Because we don’t have objects, change_salaries requires that we pass in not just the amount, but also the data we want to modify. This method returns the updated data, which we’ll store in happier_employees.

happier_employees.each do |emp|
  puts "#{emp[0]} makes #{emp[1]}"
end

Finally, we use ‘each’ to go through every record in happier_employees and generate the output message. This fits the FP model because FP likes to view everything as a data transformation: you start some data, apply transformations (in this case, adding $10K) and generate a new data.

Notice there are fewer lines of code, mainly because we don’t build the class for creating our objects.

Another important thing to note is that in the OOP version change_salary used each to process each employee, but the FP version uses map. Instead of changing the original value, ’map’ creates a copy of the array containing the return value of each pass. When all elements have been processed, map hands us the copy with all the new values, which we store in happier_employees. The original array is untouched!

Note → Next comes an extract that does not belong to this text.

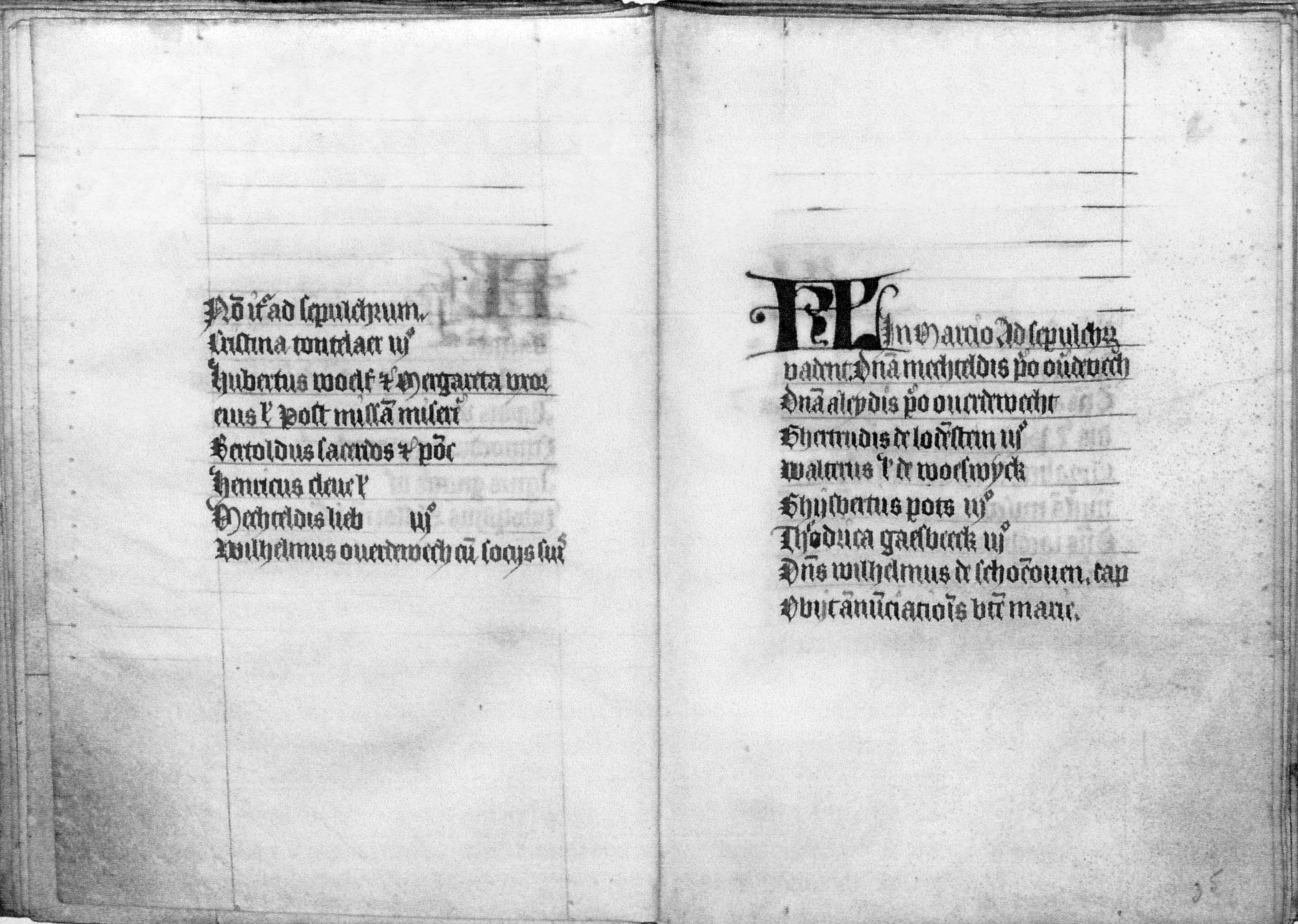 4 eius l[icet] post missa[m] micere[re]. 5 Bertoldus sacerdos l[icet] Po[n]s. 6 Henricus Cleve l[icet]. Hierbij valt om te beginnen op dat in deze transcriptie de eventuele achternaam van Bertoud niet weergegeven wordt als Ponc of Pont, maar als Po[n]s. Dat dit niet juist is, valt af te leiden uit de eind-s in het aan de onderzijde van de pagina weergegeven sociis. Vreemd is verder dat het teken tussen sacerdos en Po[n]s wordt getranscribeerd met l[icet], maar in de tekst over Lubertus Woelf en zijn vrouw met et. En het is inderdaad een gebruikelijk teken voor et en zeker niet voor licet. De auteurs van het artikel in Oud-Utrecht wisten het kennelijk ook niet. Ze lieten het daarom maar weg door puntjes te plaatsen: […]. Wij hadden op onze webpagina de post getranscribeerd als Bertoldus sacerdos et Ponc met een vraagteken erachter. Kortom, in de vermelding betreffende Hubertus (en niet Lubertus) Woelf en zijn vrouw is het teken zeer aannemelijk in de betekenis van et, maar niet in de vermelding van Bertoldus sacerdos. Nu komt op de betreffende pagina en blijkens de transcriptie van D'Oude School in het hele necrologium tamelijk veelvuldig een l voor met een apostrof als afkortingsteken. Zij transcriberen dit met licet en dat doen zij ook met het hiervan duidelijk afwijkende et-teken in de post betreffende Bertoldus. Dat is dus niet aannemelijk. Trouwens, de transcriptie licet voor het l+apostrofteken is dat evenzeer. Het meest waarschijnlijk lijkt het ons dat dit teken staat voor laicus, laica of laici. Alvorens onze eigen transciptie van de betreffende posten weer te geven, keren we nog even terug naar het et-teken. Dat lijkt ons hier en ook op andere plaatsen misplaatst. Zie bijvoorbeeld op het rechterblad de vermelding Walterus et de Woeswyck. Onafhankelijk kwamen Reinier van der Lof en wijzelf tot de conclusie dat hier waarschijnlijk het teken voor dictus had moeten staan. Dat resulteert in respectievelijk Bertoldus sacerdos dictus Ponc (eigenlijk Pont) en Walterus dictus de Woeswyck. Maar het is ook denkbaar dat er Walterus, laicus, de Woeswijk staat. In ieder geval staat op vele plaatsen in de transcriptie van D'Oude School licet waar nagenoeg zeker zou moeten worden getranscribeerd met dictus of laicus. Met verbetering van enkele andere transcriptiefouten van de onderzoekers van D’Oude School luiden de drie geciteerde posten dan vooralsnog: Hubertus

The idea of not changing the contents (or “state”) of a variable once it’s been created is called immutability and is another key aspect of FP.

In our OOP example, the contents of the employees array changes over time:

• Before change_salary is applied the salaries are 100K and 125K
• Afterwards salaries are 110K and 135K!

This means we won’t know which value we’ll have at any given point. The program must walk through the flow to see if change_salary has been called, which can be difficult as complexity increases.

• The FP version avoids this as employees represent the “before” state and happier_employees represents the “after” state. Their values never change.

Which one should you use?

Michael Fogus, author of “Functional JavaScript”, suggests a simple two-point guideline:

• When dealing with data about people, FP works well
• When trying to simulate people, OOP works well

Our example is “data about people” – since we’re changing the salary directly – so FP is shorter and simpler.

If we had a feature like “employee requests time off”, requiring a more complex interaction with the data – likely creating a “time-off request” object attached to the employee – then OOP might be a better fit.